Are we producing exacly one output with our prior defition? No, we don't. For a given size of a sequence we can get a wide variation of number of operations. So to ensure the definition is applicable to our case we need to reduce a set possible outcomes (number of operations) to a single value. It can be a maximum ("the worse case"), a minimum ("the best case") or an average.
The conclusion is that talking about best/worst/average case is mathematically correct and using big O notation without those in context of sorting complexity is somewhat sloppy.
On the other hand, we could be more precise and use big Theta notation instead of big O notation.
I think your definition is correct, but your conclusions are wrong.
It's not necessarily true that if the proportion of "bad" cases tends to 0, then the average complexity is equal to the complexity of the "normal" cases.

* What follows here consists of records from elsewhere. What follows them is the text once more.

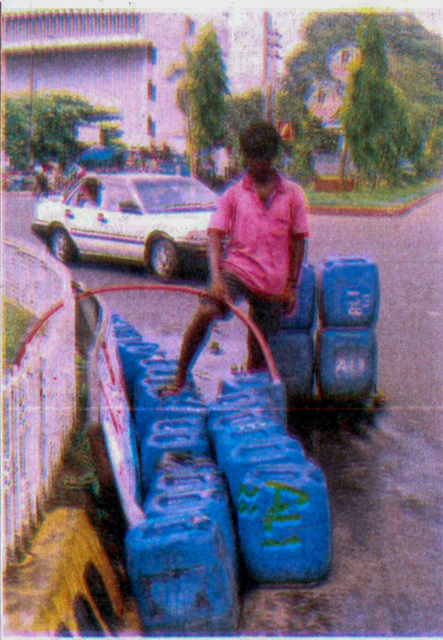
A boy collecting water from the fountain at Shahbagh intersection to supply to some consumers in the area as water crisis continues in the city.

The World Bank recently said the bridge would integrate Bangladesh economy, commerce and communications more than perhaps any other physical infrastructure has done.
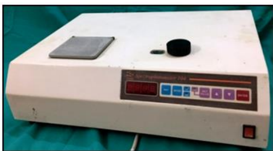
Fig. 1: Spectro-photo meter

symptoms, general condition during admission, blood pressure, pulse, respiratory rate were collected in standardized proforma specially designed for the study and analyzed. Vomit material, gastric lavage contents, blood and urine were collected from each patient as soon as the possible and toxicological analysis was done at Toxicology Laboratory in our Department of Forensic Medicine and Toxicology for further investigation and confirmation of the poison taken. Type of treatment, any antidote, gastric lavage and manner of death was noted. External and internal examination in dead cases was done at Mortuary. Routine viscera and body fluids were sent to Forensic Science Laboratory for chemical analysis. Fig. 1 to 4 showing various instruments used in Analytical Toxicology Laboratory in Department of Forensic Medicine and Toxicology and poisons consumed by patients.
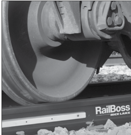
* Non Legal for Trade
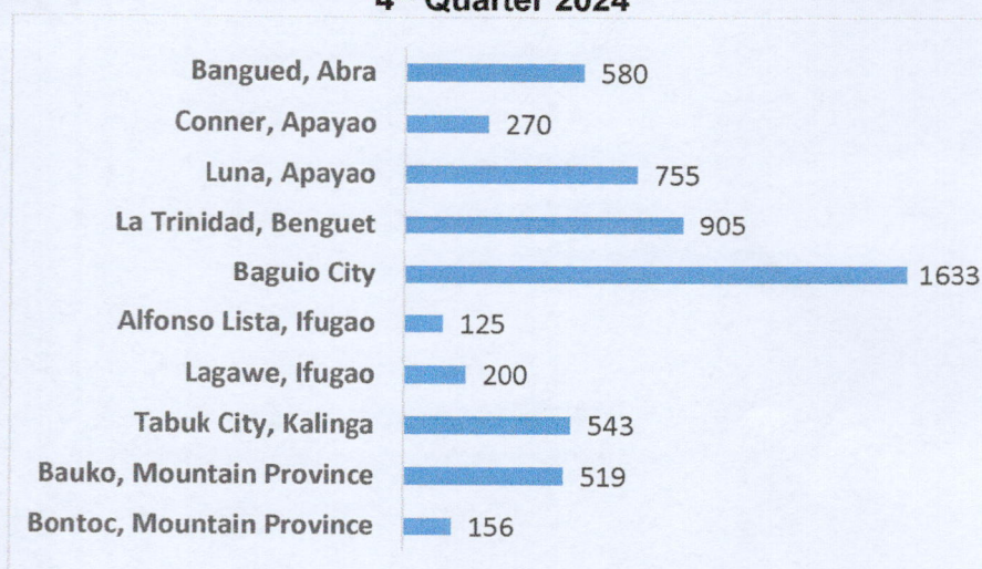
Figure 2. Cities/Municipalities with Most Registered Live Births: CAR 4 th Quarter 2024
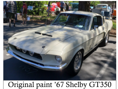
Original paint '67 Shelby GT350
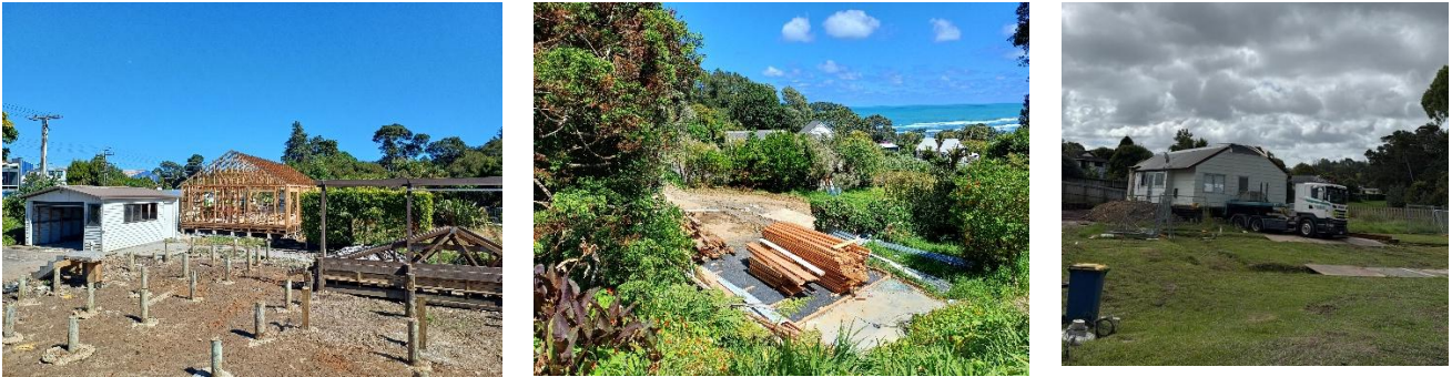
Different stages of house removal

You may notice different crews arriving at different stages and there may be short gaps between them - this is normal and expected. If a crew packs up and leaves and the site doesn't look finished, please don't be concerned. A further crew will be scheduled to complete the ground remediation. The job is not complete until topsoil and grass seed have been spread.
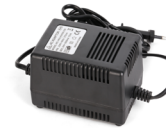
AC24V/3A Power Adapter
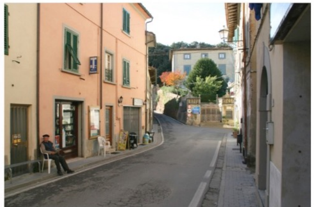
Main street - Cevoli
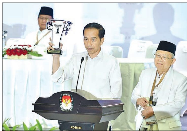
Opinion polls show Indonesian President Joko Widodo well ahead of his main challenger Prabowo Subianto.

JAKARTA — Campaigning for Indonesia's presidential election in April kicked off Sunday, pitting incumbent Joko Widodo against a former military general in the race to lead the world's third-biggest democracy.
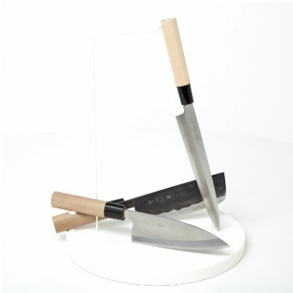
Photo: Set of Japanese kitchen knives showing a 'Deba bōchō' in the foreground, used to chop fish or meat, a square-bladed 'Nakiri bōchō' for vegetables and a 'Yanagi-ba-bōchō' used to make sashimis.

In certain cases, preparation techniques may be subject to particular rules belonging to particular cultures. An example of this would be the technique for cutting up raw fish in Japan.

For example, suppose that 1/(n^2) cases are "bad" and the rest "normal", and that "bad" cases take exactly (n^4) operations, whereas "normal" cases take exactly n operations.
Then the average number of operations required is equal to:
(n^4/n^2) + n(n^2-1)/(n^2)
This function is O(n^2), but not O(n).
In practice, though, you might find that time is polynomial in all cases, and the proportion of "bad" cases shrinks exponentially. That's when you'd ignore the bad cases in calculating an average.
Average case analysis does the following:
Take all inputs of a fixed length (say n), sum up all the running times of all instances of this length, and build the average.
The problem is you will probably have to enumerate all inputs of length n in order to come up with an average complexity.